**WHAT IS BEING ASKED:** Exclude all pictures. Then restate, word for word, the entries from the first line through the line that contains "The White House, Washington".

[DATASET EXCERPTS]

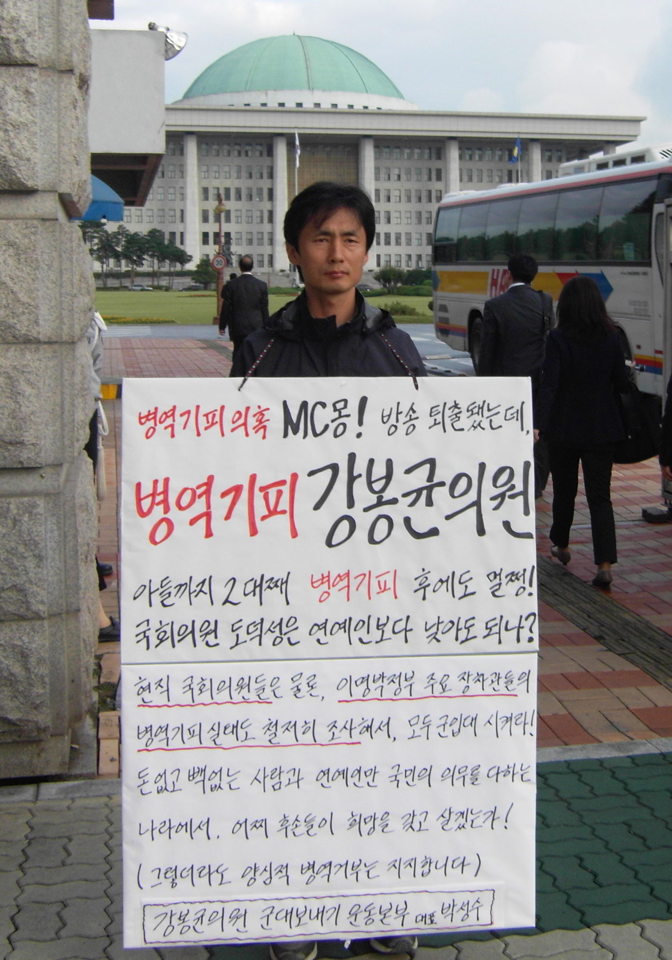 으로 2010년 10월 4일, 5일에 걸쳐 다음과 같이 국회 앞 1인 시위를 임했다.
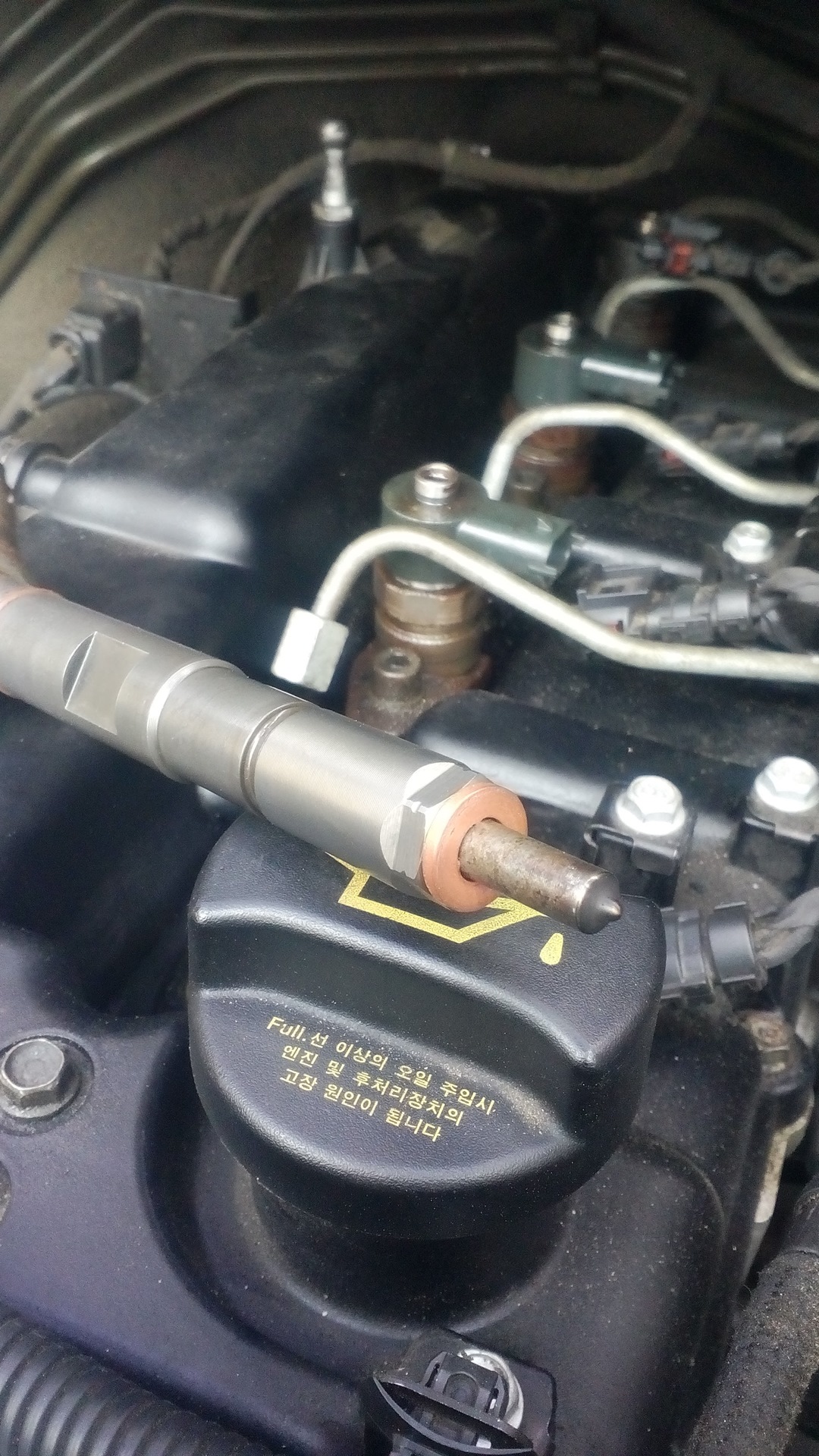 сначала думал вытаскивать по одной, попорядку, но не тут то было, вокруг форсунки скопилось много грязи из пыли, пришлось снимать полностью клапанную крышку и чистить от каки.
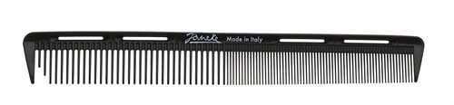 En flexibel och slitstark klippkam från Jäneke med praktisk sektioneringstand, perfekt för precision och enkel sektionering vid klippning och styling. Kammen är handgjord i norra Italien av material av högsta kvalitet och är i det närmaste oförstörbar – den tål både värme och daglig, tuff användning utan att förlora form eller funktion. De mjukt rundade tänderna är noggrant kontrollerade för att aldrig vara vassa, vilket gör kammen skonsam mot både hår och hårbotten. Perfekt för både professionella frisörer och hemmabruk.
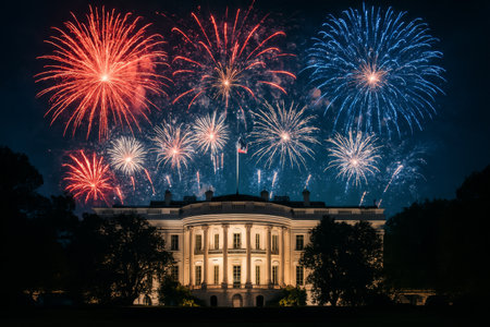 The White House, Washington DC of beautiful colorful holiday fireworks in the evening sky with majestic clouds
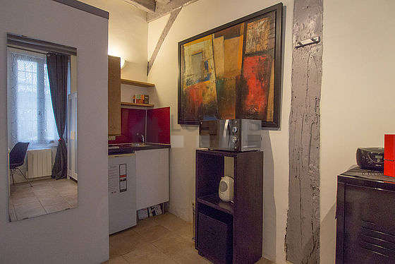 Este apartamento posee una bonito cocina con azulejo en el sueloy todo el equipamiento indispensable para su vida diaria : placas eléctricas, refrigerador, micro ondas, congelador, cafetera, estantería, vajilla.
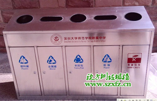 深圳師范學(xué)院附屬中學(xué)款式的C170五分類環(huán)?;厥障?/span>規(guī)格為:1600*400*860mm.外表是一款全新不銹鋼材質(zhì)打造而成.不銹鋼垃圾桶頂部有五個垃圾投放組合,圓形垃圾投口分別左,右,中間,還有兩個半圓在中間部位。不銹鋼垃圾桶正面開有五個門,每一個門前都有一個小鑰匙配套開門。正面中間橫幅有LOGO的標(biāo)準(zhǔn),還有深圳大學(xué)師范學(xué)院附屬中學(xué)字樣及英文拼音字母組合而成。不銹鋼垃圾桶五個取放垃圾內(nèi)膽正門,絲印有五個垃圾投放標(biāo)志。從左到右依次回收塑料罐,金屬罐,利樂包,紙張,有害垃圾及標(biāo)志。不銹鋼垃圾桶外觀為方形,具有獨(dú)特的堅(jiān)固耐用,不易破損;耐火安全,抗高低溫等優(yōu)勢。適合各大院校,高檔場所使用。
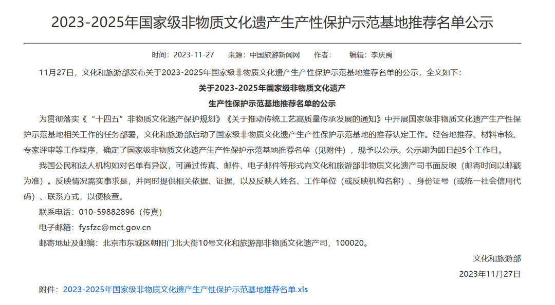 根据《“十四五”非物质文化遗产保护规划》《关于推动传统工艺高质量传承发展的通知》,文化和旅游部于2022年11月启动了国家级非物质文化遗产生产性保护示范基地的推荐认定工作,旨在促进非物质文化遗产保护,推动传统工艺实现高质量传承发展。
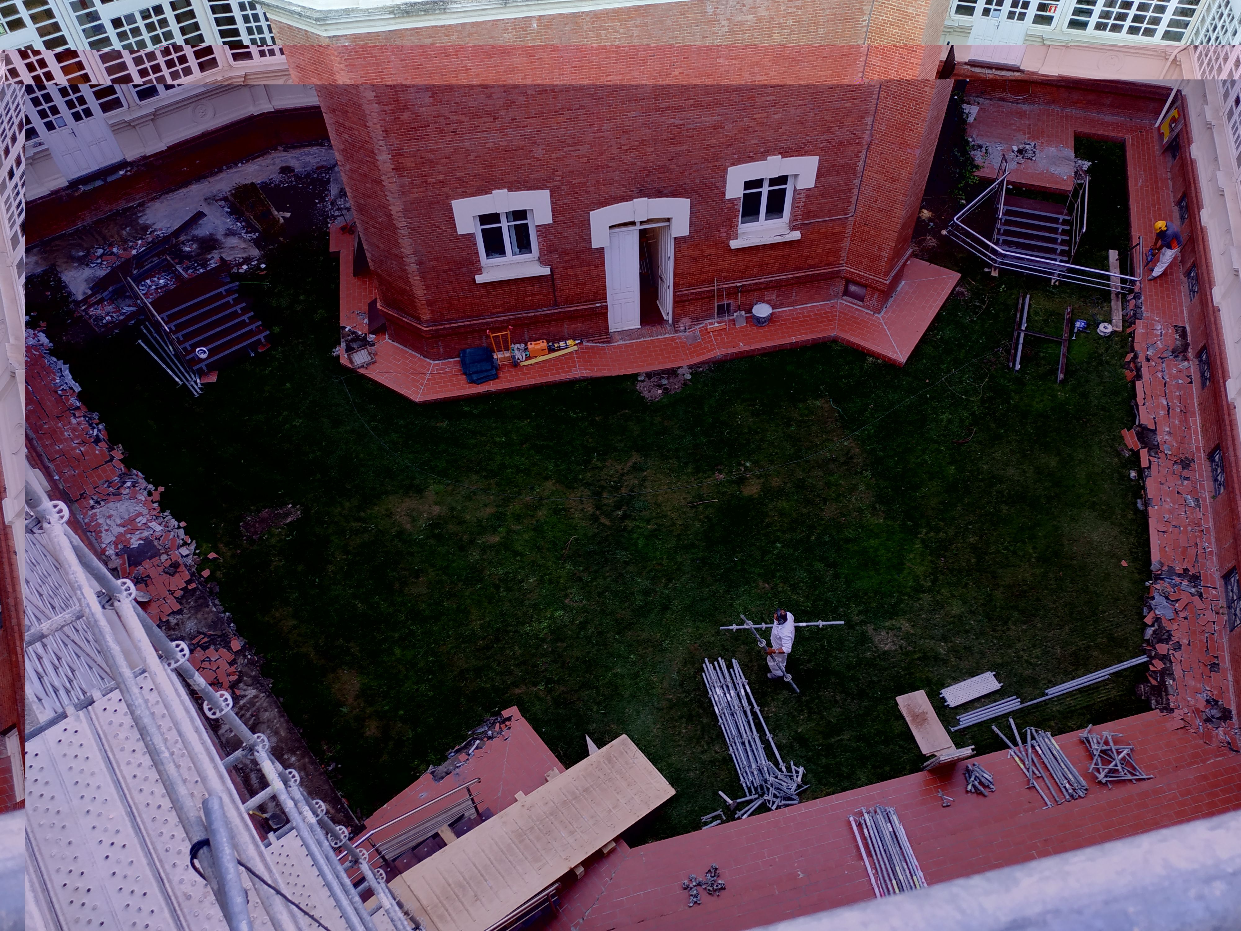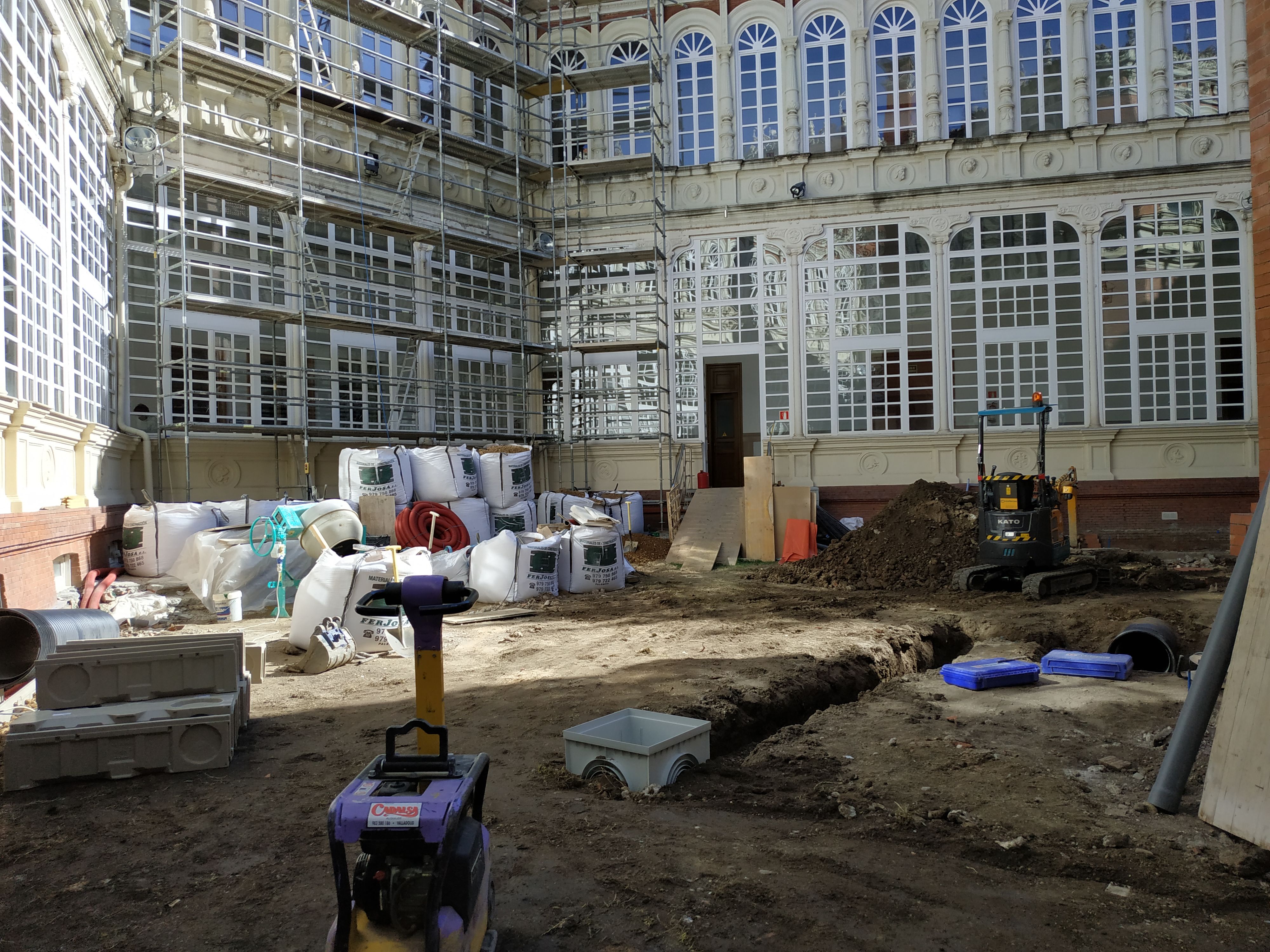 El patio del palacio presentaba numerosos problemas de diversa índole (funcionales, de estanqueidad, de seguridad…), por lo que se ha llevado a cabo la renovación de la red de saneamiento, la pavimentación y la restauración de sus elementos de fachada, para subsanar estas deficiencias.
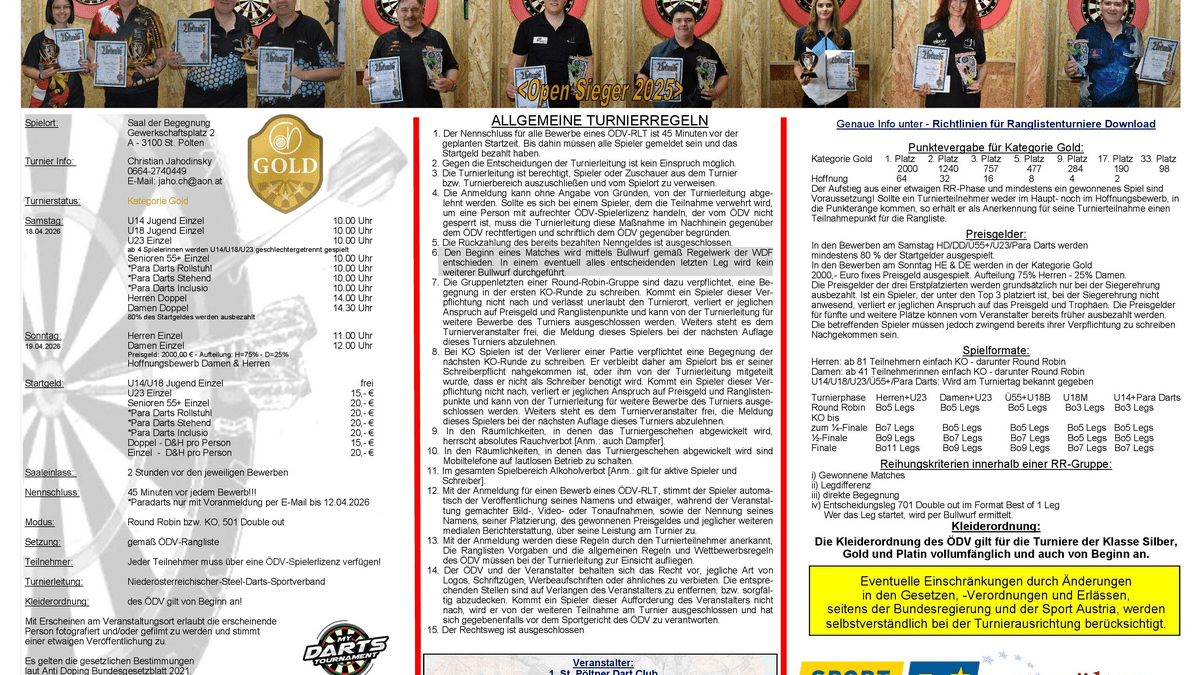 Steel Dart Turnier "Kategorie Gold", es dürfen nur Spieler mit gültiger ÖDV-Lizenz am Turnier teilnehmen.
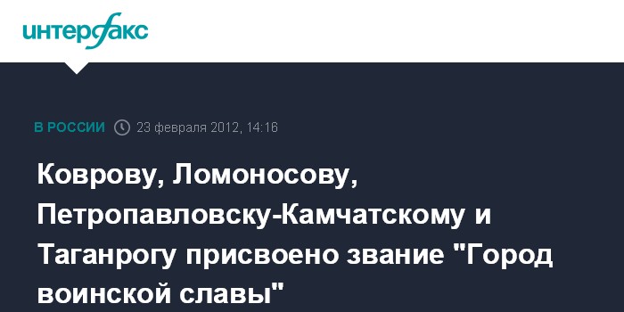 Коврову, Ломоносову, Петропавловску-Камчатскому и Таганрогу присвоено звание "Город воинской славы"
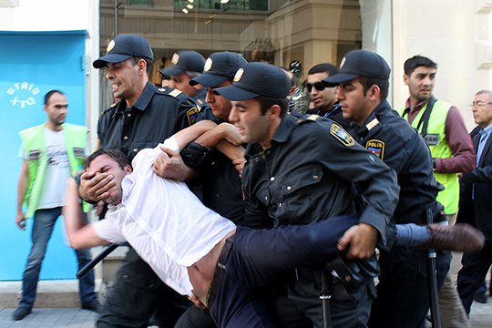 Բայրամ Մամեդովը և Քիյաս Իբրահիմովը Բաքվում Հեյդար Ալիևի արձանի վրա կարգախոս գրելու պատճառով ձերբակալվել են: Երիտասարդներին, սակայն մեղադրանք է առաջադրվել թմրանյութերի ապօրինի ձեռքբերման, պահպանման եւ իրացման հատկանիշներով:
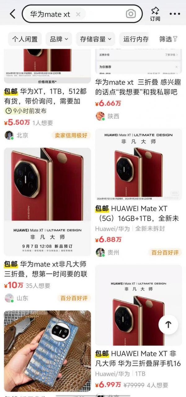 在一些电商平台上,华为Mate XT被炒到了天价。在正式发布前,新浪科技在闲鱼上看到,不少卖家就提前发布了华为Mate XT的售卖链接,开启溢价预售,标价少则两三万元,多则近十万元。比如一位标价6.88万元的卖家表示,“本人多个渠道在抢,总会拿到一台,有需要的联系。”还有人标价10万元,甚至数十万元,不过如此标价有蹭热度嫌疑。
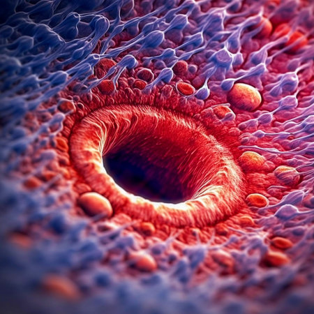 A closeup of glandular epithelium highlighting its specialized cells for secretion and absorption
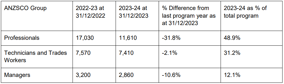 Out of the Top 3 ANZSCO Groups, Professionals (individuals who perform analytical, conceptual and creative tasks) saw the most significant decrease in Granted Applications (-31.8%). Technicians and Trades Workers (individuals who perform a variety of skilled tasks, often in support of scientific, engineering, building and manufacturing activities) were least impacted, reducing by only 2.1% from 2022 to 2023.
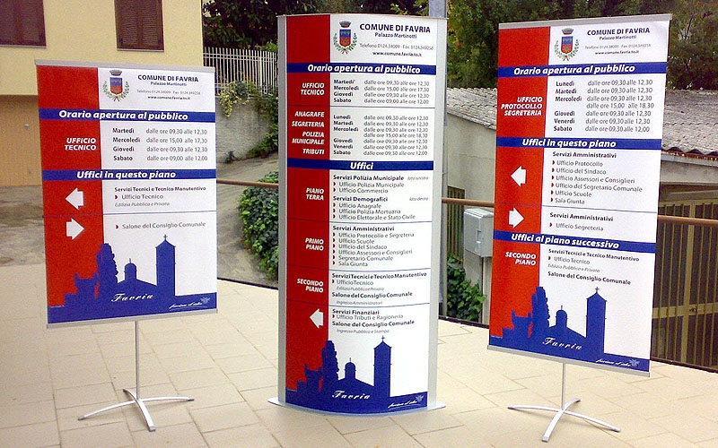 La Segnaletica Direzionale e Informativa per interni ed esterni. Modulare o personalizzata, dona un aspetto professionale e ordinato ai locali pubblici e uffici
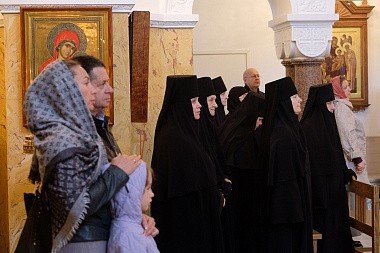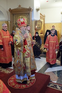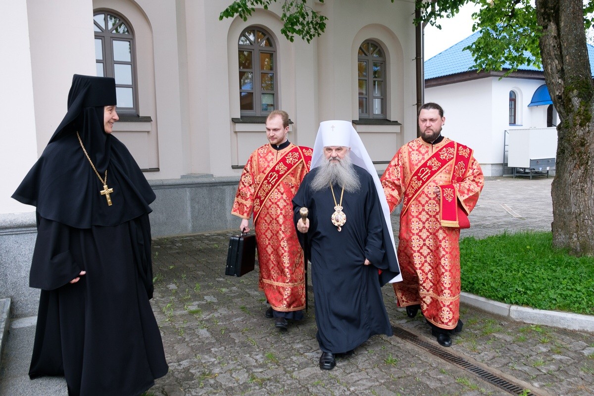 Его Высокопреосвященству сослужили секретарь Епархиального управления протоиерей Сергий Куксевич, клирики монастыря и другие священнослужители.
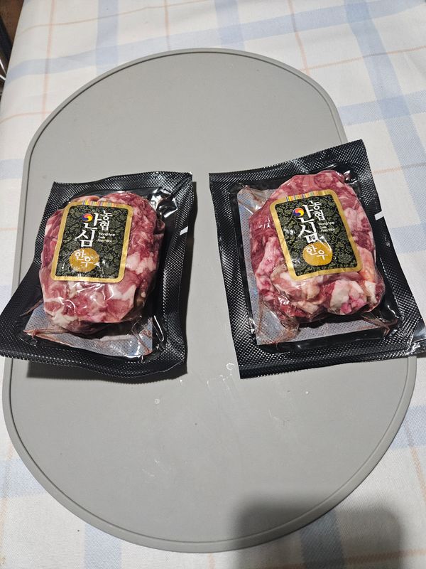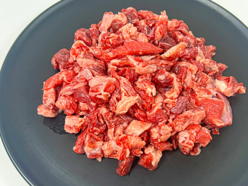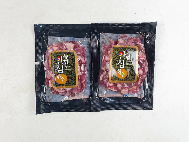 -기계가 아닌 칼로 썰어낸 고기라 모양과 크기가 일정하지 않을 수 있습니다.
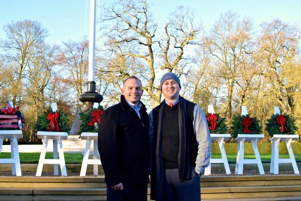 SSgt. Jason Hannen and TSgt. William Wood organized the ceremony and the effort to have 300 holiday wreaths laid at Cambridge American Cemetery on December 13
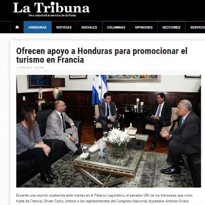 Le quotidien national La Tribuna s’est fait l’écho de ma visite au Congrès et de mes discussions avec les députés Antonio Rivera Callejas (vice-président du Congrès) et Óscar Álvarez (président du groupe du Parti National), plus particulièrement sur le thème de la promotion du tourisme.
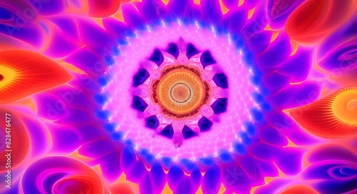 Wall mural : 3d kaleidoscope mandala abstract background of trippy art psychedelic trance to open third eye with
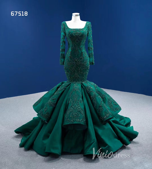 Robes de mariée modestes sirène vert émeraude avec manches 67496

[/DATASET EXCERPTS]

**EXERCISE OUTPUT:**
 으로 2010년 10월 4일, 5일에 걸쳐 다음과 같이 국회 앞 1인 시위를 임했다.
 сначала думал вытаскивать по одной, попорядку, но не тут то было, вокруг форсунки скопилось много грязи из пыли, пришлось снимать полностью клапанную крышку и чистить от каки.
 En flexibel och slitstark klippkam från Jäneke med praktisk sektioneringstand, perfekt för precision och enkel sektionering vid klippning och styling. Kammen är handgjord i norra Italien av material av högsta kvalitet och är i det närmaste oförstörbar – den tål både värme och daglig, tuff användning utan att förlora form eller funktion. De mjukt rundade tänderna är noggrant kontrollerade för att aldrig vara vassa, vilket gör kammen skonsam mot både hår och hårbotten. Perfekt för både professionella frisörer och hemmabruk.
 The White House, Washington DC of beautiful colorful holiday fireworks in the evening sky with majestic clouds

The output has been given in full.